The preparation of electrode activity layer

[0088] use following preparation method to prepare the exemplary composition numbering 9 of following table 1 (for example, referring to) of electrode activity layer 42.Described amount is representational, and described amount and ratio can change.

[0089] distilled water (500g) is put into greatly in (at least about 1.5 liters) beaker.With active carbon powder (150g

G-60, American Norit) or equivalent add to lentamente in the distilled water, mix lentamente, with moistening mixture.Use the propeller-type blender, (that is, whirlpool does not contact hybrid blade) sets up stable whirlpool under situation about air not being attracted in the fluid, and mixes about 20 minutes.(last about 30 seconds) lentamente with about 250 20%KMnO that restrain ₄Solution adds in the mixture, and this mixture was stirred 30 minutes.(last about 1 minute) very lentamente and add 25ccPTFE suspension (

30b DuPont).Stir and continued 30 minutes, keep whirlpool simultaneously, and do not allow air to attracted in the fluid.The mixture very thickness that originally becomes, as long as the PTFE particle is adhered on the carbon particle in the mixture, viscosity just diminishes then.Mixture is filtered in big buchner funnel, and transfer in the non-aggressive dish.In open container, with mixture 75 ℃ preheated in the ventilated drying oven drying at least 24 hours, then further in open container, 120 ℃ preheat in the baking oven dry 12 hours.Lid is placed on the basin, and is lower than after 100 ℃ being cooled to, container is placed in the sealed plastic bag.

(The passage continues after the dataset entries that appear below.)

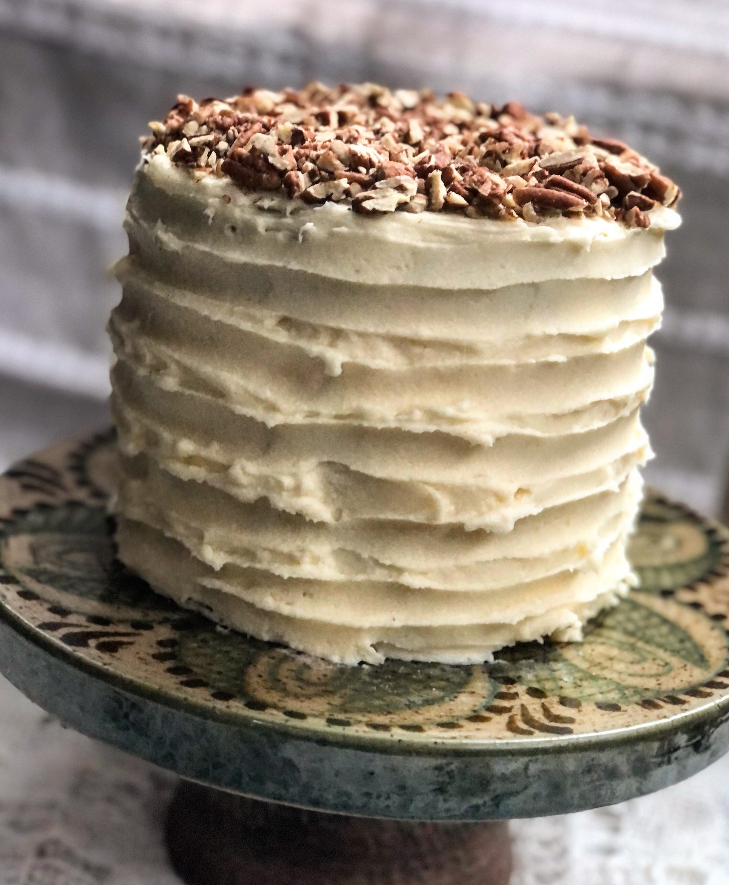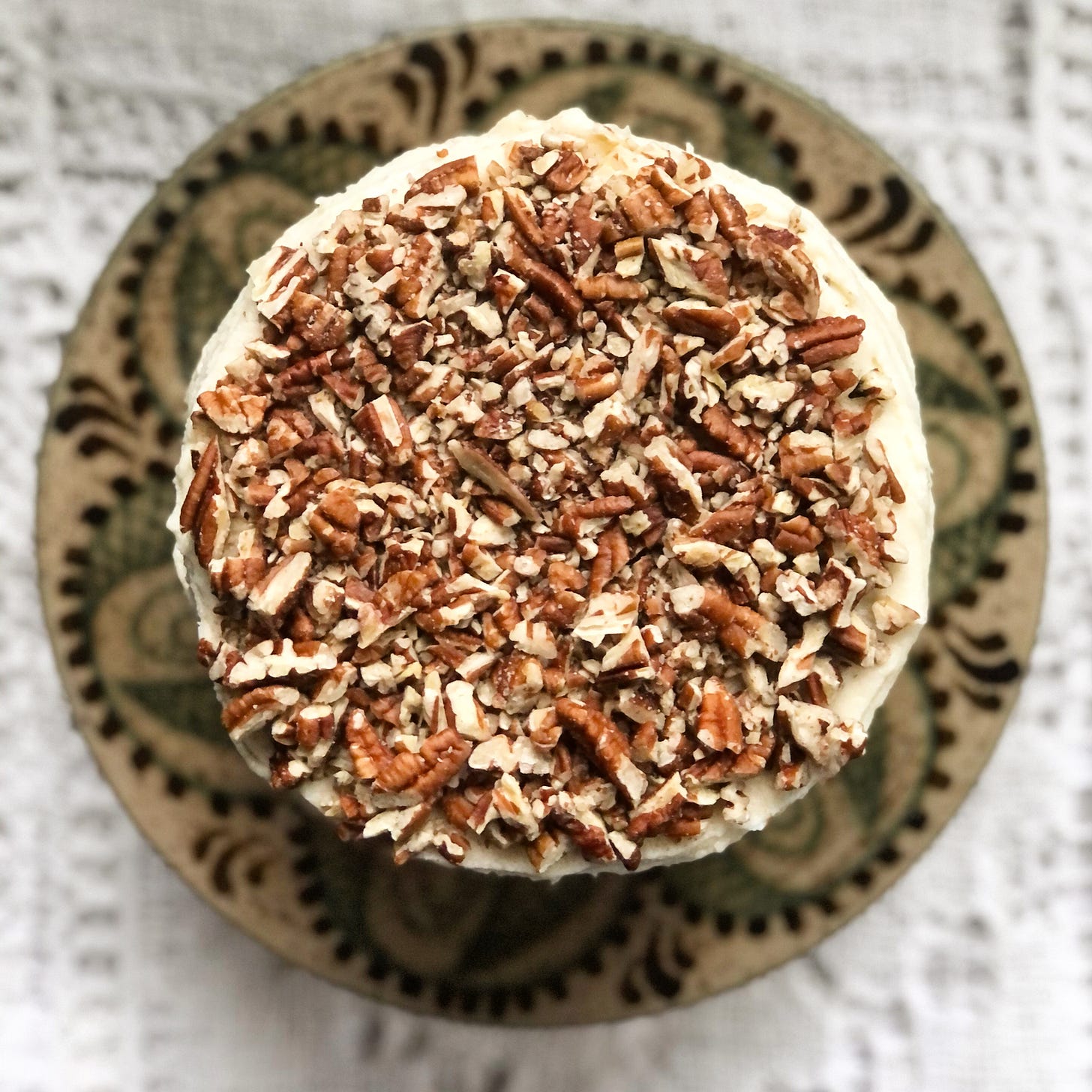 3/4 cup pecan halves, toasted (you can also finely chop the pecans for the cake topping, as I have done here)
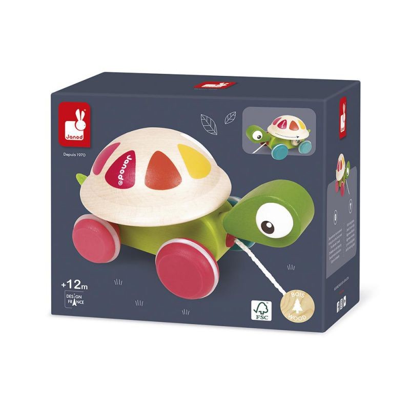 Juguete de madera para niños de 12 a 36 meses. Pintura al agua. Un magnífico juguete de aprendizaje que ayudará a su hijo a desarrollar sus capacidades motrices. Cuando su hijo pasee a su tortuga, las ruedas harán que el caparazón cambie mostrando los bonitos colores del arco iris.
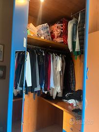 Vendo armadio ad angolo Misure: Armadio blu ad angolo: 260x60x120 Armadio arancione: 90x196x120 Compreso di cassettiera/comodino Armadio illuminato con due faretti Super spaziozo
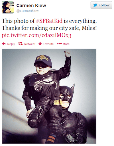 - #SFBatkid One of the most heartwarming stories that hit twitter this year was that of San Francisco and 5-year-old leukemia survivor Miles Scott. The Make-A-Wish Foundation turned San Francisco into Gotham City for a day, just as Miles had asked.
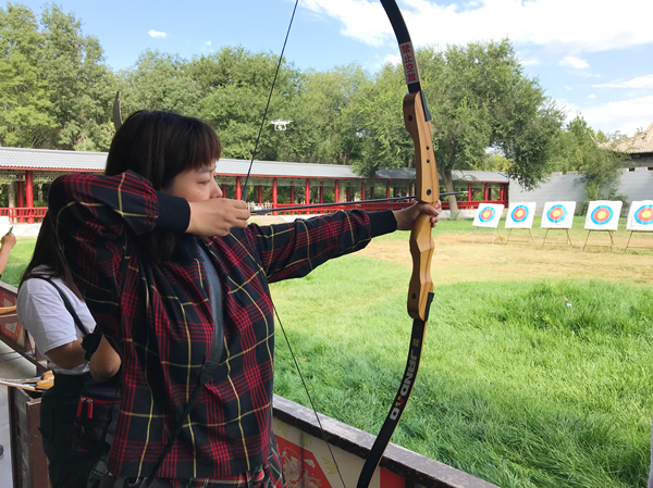 游人在錫伯古城體驗射箭 新華網(wǎng) 周欣攝
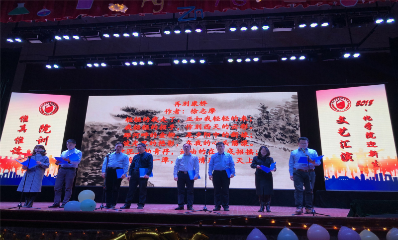 经过精心准备,汇演共分三大篇章17个节目。其中,化学公司党政领导干部和教师代表准备的新《再别康桥》,有机化学、物理化学教研室的诗朗诵《咏梅》、《我是科大人》,化学教研室的《海草舞》,基础实验中心的民族舞《山楂树》以及重点实验室、基础化学教研室、创新学科中心等带来的合唱串烧,引发了现场阵阵掌声。汇演现场,精彩的节目展现了化院教师立德树人的精神风貌和化院学子朝气蓬勃的个人风采。
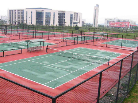 羽毛球场围网优点:具有防腐、防老化、抗晒、耐候、色彩鲜亮、网面平整,强力张紧,不易受外力撞击变形、现场施工安装、灵活性强(可根据现场要求随时调整造型和尺寸)。

[0090] after cooling off fully,, adds about 10% catalytic nanoparticles based on the weight of total mixture.With this mixture the blender and mixing of very high shear about 30 seconds to about 5 minutes.

Embodiment 3

The methyl alcohol preparation method of electrode activity layer

[0091] Xia Mian methyl alcohol preparation method forms the exemplary preferred composition (referring to Fig. 7) of electrode activity layer 42.Described amount is representational, and described amount and ratio can change.

[0092] about 500g distilled water is put into greatly in (at least about 1.5 liters) beaker.With active carbon powder (150g G-60, American Norit) or equivalent add to lentamente in the distilled water, mix lentamente, with moistening mixture.Use the propeller-type blender, (that is, whirlpool does not contact hybrid blade) sets up stable whirlpool under situation about air not being attracted in the fluid, and mixes about 20 minutes.(last about 1 minute) very lentamente and add PTFE suspension (25cc) ( 30b DuPont).Stir and continued about 30 minutes, keep whirlpool simultaneously, and do not allow air to attracted in the fluid.The mixture very thickness that originally becomes, as long as the Teflon particle is adhered on the carbon in the mixture, viscosity just diminishes then.Mixture is filtered in big buchner funnel, and transfer in the non-aggressive dish.In open container, 110 ℃ preheat in the baking oven dry 24 hours.Lid is placed on the basin, and is lower than after 100 ℃ being cooled to, container is placed in the sealed plastic bag, and is placed under the inert atmosphere, for example in the chamber that is full of nitrogen and/or argon gas.This material is known as " teflon carbon dust " below.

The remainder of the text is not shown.